In today's environment, where mobile devices, e-commerce sites, social media, apps and other online tools are making it possible for customers to easily browse, shop and buy across multiple retail touch points, anywhere at any time, retailers must reorient their strategies around the customer to enhance their ability to engage, participate and execute.

This is according to Wayne Usie, senior vice president of retail at JDA Software, a consultancy company that provides supply chain management, retail planning and collaborative category management solutions.

He says that customers expect to receive personalised communications based on their individual interactions with a retailer.
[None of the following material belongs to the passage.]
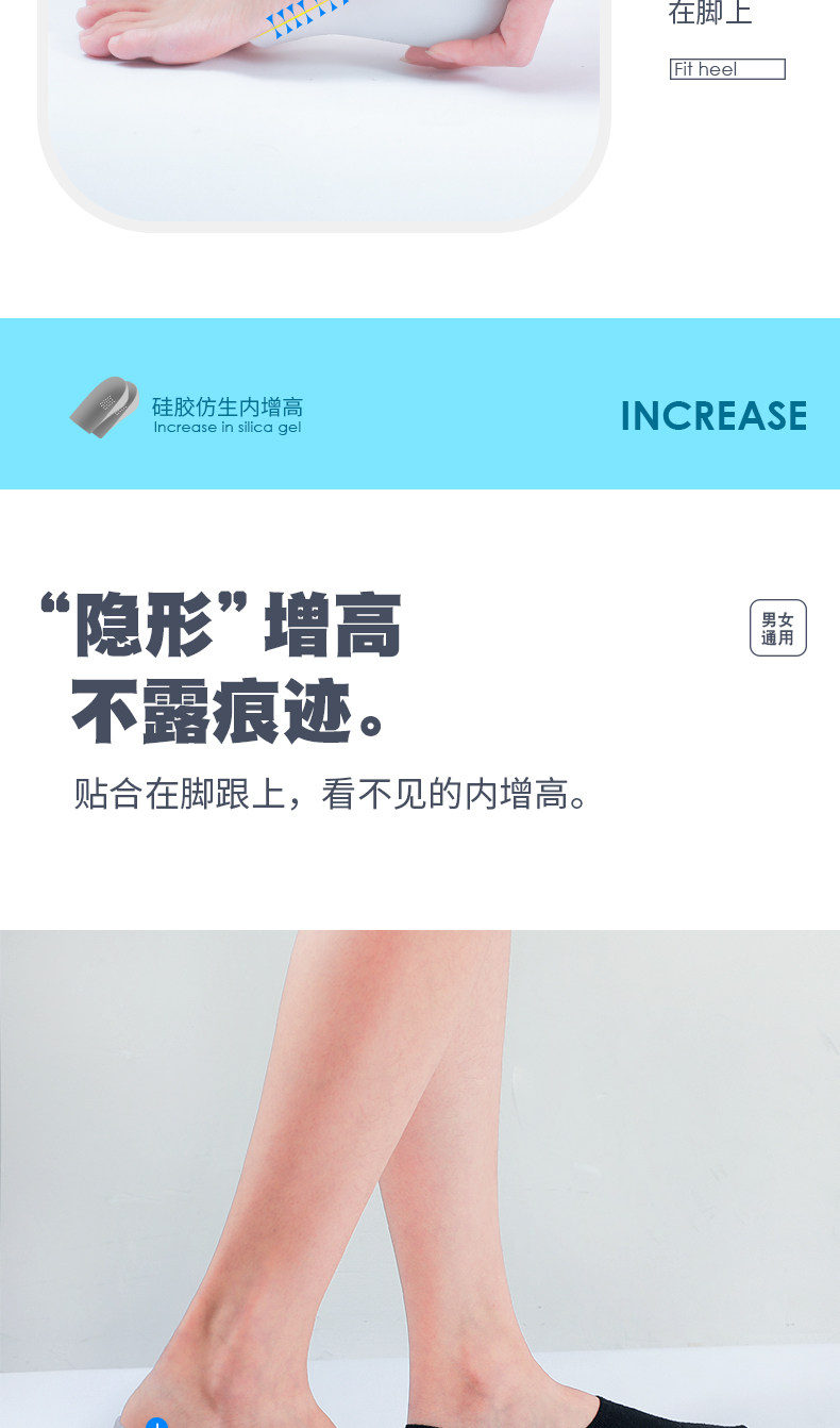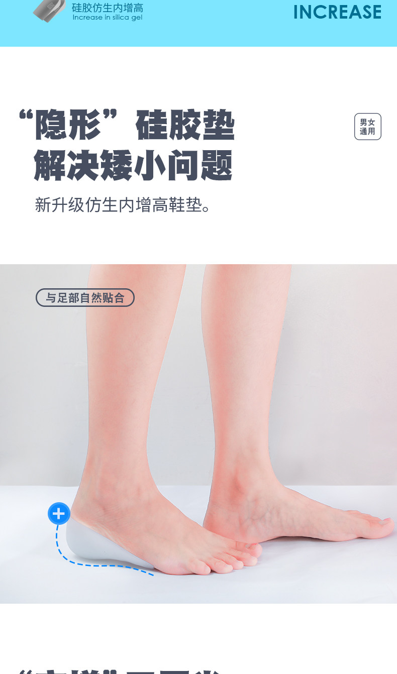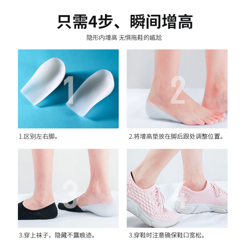 Невидимые стельки для увеличения роста подходит для мужчин и женщин, силиконовые комфортные нескользящие напяточники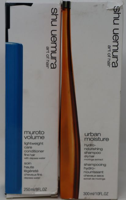 A quantity of boxed as new Shu Uemera hair care products to include Muroto Volume lightweight care conditioner (250ml), Colour Lustre brilliant glaze conditioner (250ml) and Urban Moisture hydro nourishing shampoo (300ml) (Approximately 30 items).

Therefore, if a retail organisation is getting insight about a customer or customer segment, from their online activities, that data should be consolidated and fed into a proactive decision framework to guide the retailer's future behaviour and communication with the customer.
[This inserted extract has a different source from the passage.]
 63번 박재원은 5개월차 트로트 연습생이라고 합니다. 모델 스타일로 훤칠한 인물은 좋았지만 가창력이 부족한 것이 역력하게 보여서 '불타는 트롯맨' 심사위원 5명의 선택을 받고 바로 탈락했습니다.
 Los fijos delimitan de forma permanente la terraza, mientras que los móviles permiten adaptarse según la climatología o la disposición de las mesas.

Usie adds that today's path to purchase often involves more than one channel. As such, retailers need to have a better understanding of how customers search across channels and the type of products they search for in order to customise each assortment regardless of channel.

Retailers need to leverage the customer interaction insights so they can start making assortment decisions based on real-time customer preferences, says Usie. He believes that assortment planners must have the power to link assortments with delivery mechanisms in order to make it easy for customers to get the product in the way that they choose.

Usie maintains that in order to offer assortments regardless of channel, retailers need the back-end means to send the product anywhere in the supply chain in the most cost-effective manner. This means that returns should be as fluid as sales or as transfers to different stores.

However, the challenge is in making the economics behind it work in favour of the organisation. This requires investment in retail supply chain planning and execution technology and processes that support a much greater level of supply chain agility while maintaining a profit, he says.

Although it's important to meet customers' delivery preferences, profit rules must be established to ensure that a retailer maintains profitability while delivering on its customer's choices, says Usie.

He points out that the more capabilities that retailers can build into their intelligence gathering and order-management decision making, the easier it is for them to establish granular rule sets based on segments and specific customer behaviour.

As the industry braces for massive change in the next five years, visionary CEOs must evolve their retail enterprises - the people, processes, partners and technologies- to address the needs of the new consumer, concludes Usie.